The idea is that people can build other kinds of resilient networks on top of the same protocol stack and hopefully we can make a sort of consulting business for people who need to communicate with devices out in the field or to communicate within teams that deploy in remote areas, that can be interested to use this kind of networking technology (Michael Rogers, Briar lead developer).
Therefore, the Bramble protocol aims to prepare a framework in order to build distributed alternatives to existing centralised services. In the words of Thorsten, ‘I would like as many of the services that people currently use to be transformed to this peer-to-peer model when we don’t need anybody in the middle anymore’.

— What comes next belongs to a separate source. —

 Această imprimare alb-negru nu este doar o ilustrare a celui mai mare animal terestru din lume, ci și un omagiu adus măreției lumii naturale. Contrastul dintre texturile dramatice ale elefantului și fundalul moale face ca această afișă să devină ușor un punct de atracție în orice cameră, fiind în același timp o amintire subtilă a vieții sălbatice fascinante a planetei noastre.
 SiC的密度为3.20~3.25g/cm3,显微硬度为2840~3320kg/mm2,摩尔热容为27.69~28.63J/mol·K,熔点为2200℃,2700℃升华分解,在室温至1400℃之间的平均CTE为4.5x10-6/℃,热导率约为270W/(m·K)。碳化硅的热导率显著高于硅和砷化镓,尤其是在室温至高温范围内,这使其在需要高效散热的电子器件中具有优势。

Working at the margins: Threats to metadata and Internet shutdowns
Briar’s main ‘killer feature’, as described by its developers, is intended to be the close attention it pays to metadata protection. As developer Thorsten puts it, Briar ‘solves interesting problems that are not solved by other tools on the market, for example, it enables people to chat without needing any servers and without leaking any metadata’. An interesting consequence of this, and of the fact that Briar uses Tor hidden services even for feedback submission and crash reports, is that the Briar team itself does not have any precise data about the number of users, or exact usage statistics:
All the data only exists on the users’ devices. There’s no Briar server that can store anything. If two people use Briar in a village in Chad in Africa, we don’t know about it, there is no connection made between them and any of the computers we control. The only connection ever made to other people, they add themselves. And we will never know these people even use Briar. We don’t store anything, because it’s from person to person (Thorsten, Briar developer).

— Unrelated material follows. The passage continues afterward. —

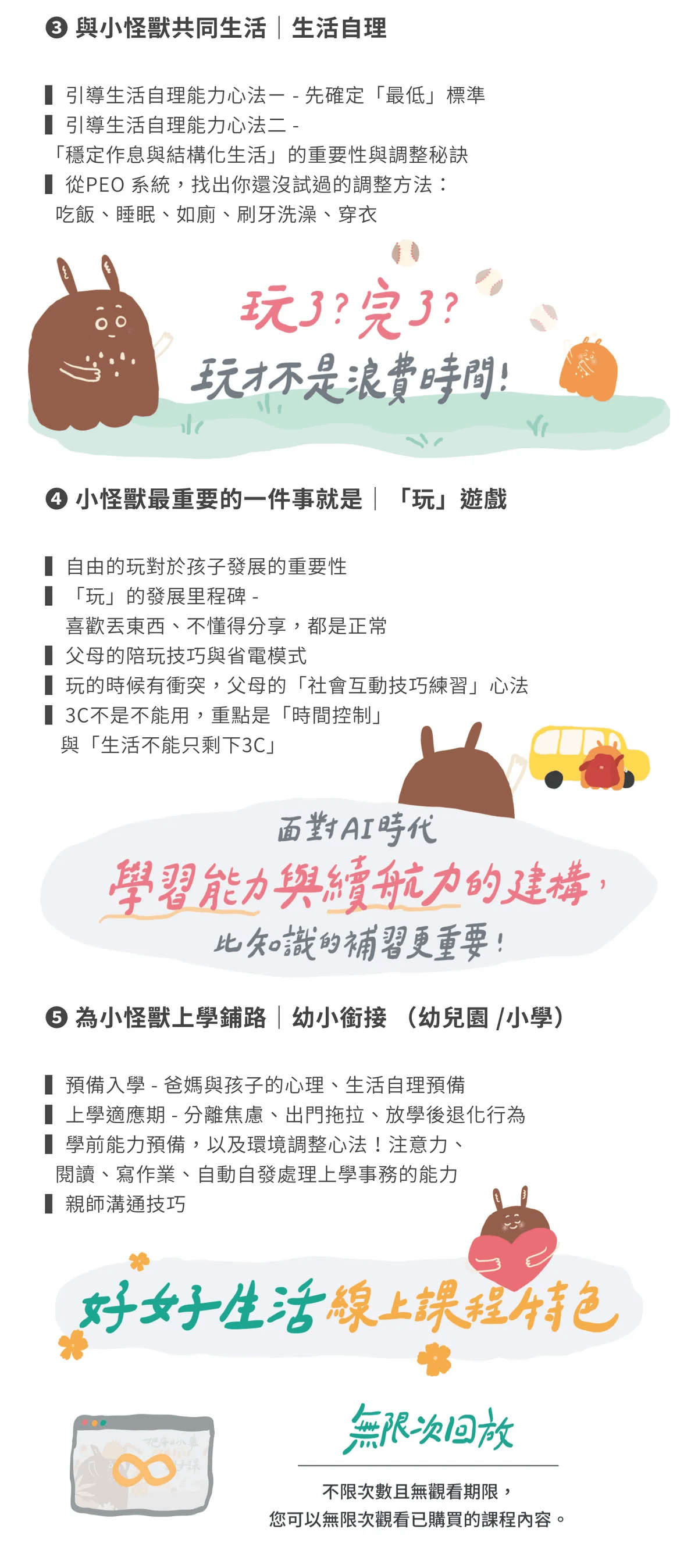 0-7歲依照年齡的「個人動作與認知能力」+「適當環境,工具預備方法」+「剛剛好難度的任務安排」

As mentioned, Briar uses Tor as a ‘very well-designed backbone that’s designed to know as little as possible on what we do’; however, the team is currently reflecting upon Tor’s limitations and security flaws – a concern that mirrors a broader preoccupation in privacy research (Manils et al. 2010). Briar has been conceived to be deployable on any kind of infrastructure; it is not, by design, attached to Tor and could be migrated to a different kind of distributed backbone:
I think Tor is starting to show its age. Some of the attacks we heard about as theoretical actually went very practical, and we need to think about anonymity infrastructure, privacy infrastructure that is not operated by someone in your house or on your street (Michael Rogers, Briar lead developer).

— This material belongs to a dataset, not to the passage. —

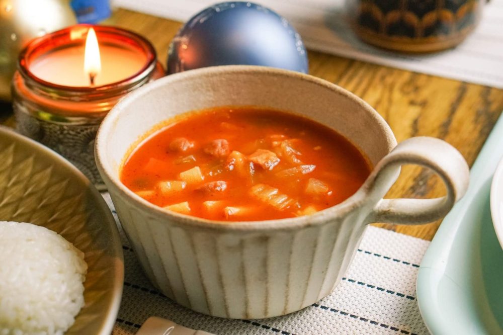 スープは、さつまいもや隠し味の蜂蜜でほんのり甘みを出したミネストローネ。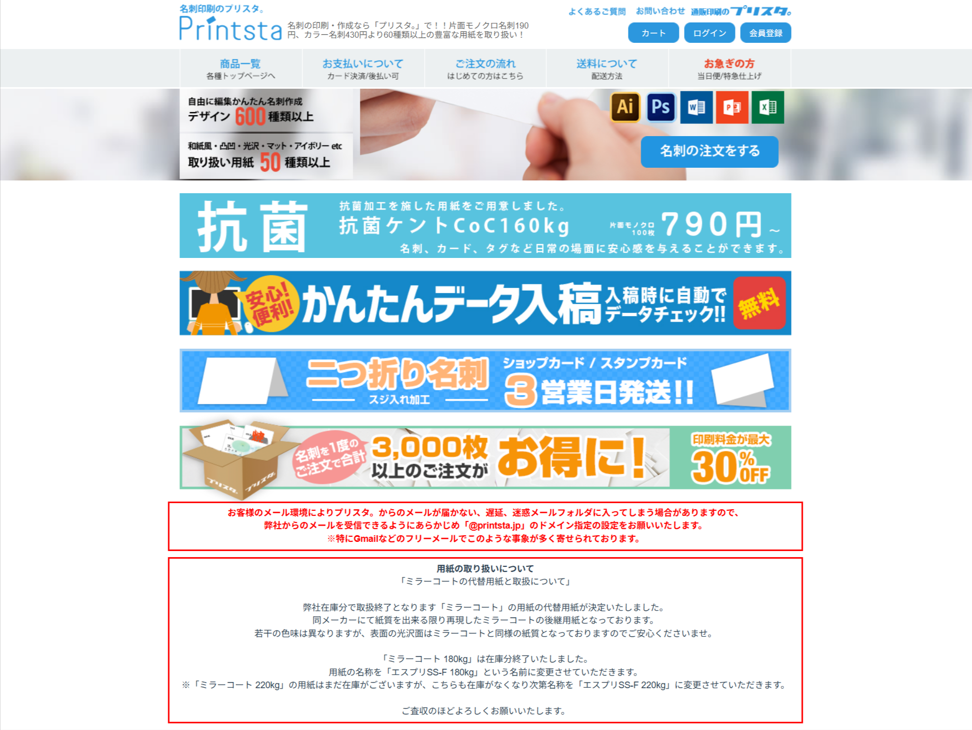 【PR】プリスタ。 今回ご紹介するのは、名刺作成を主に行っているサイトになります!★4つのおすすめポイント★1.名刺印刷が100枚190円〜にて印刷可能 2.最短当日発送3.大阪市内であれば当日中のお届けも可能 4.豊富な用紙で高品質こちらのサイトでは、名刺はもちろんハガキ、ポストカード、チラシ等も作成可能になっております。仕事やイベントでの利用や、年賀状等の行事ごとにも役立ちますね♪指定時間の注文で、当日出荷もしてくれるので、お急ぎの方もお気軽に頼めちゃいます!詳しくは「詳細はこちらをクリック」、または下記バナーをクリックしてくださいね! 詳細はこちらをクリック 商材名 プリスタ運営者 KS※当サイトはアフィリエイトプログラムを利用し宣伝目的で作成しております。

The Tor vulnerability mentioned by Rogers concerns the exit nodes and is related to the connection point between the onion network and the ‘normal’ Internet. The traces left by the exit nodes can provoke serious problems for the node administrators – a fact well-known to Dmitry Bogatov, arrested on 10 April 2017 because his exit node was used to post messages judged by a Russian court to be ‘extremist’ (Hatmaker 2017). The critique of Tor vulnerabilities has led the Briar team to imagine a separate, resilient network, independent from the Internet infrastructure: in the words of Rogers, ‘I was looking for something that would work in a sort of partially disconnected environment’.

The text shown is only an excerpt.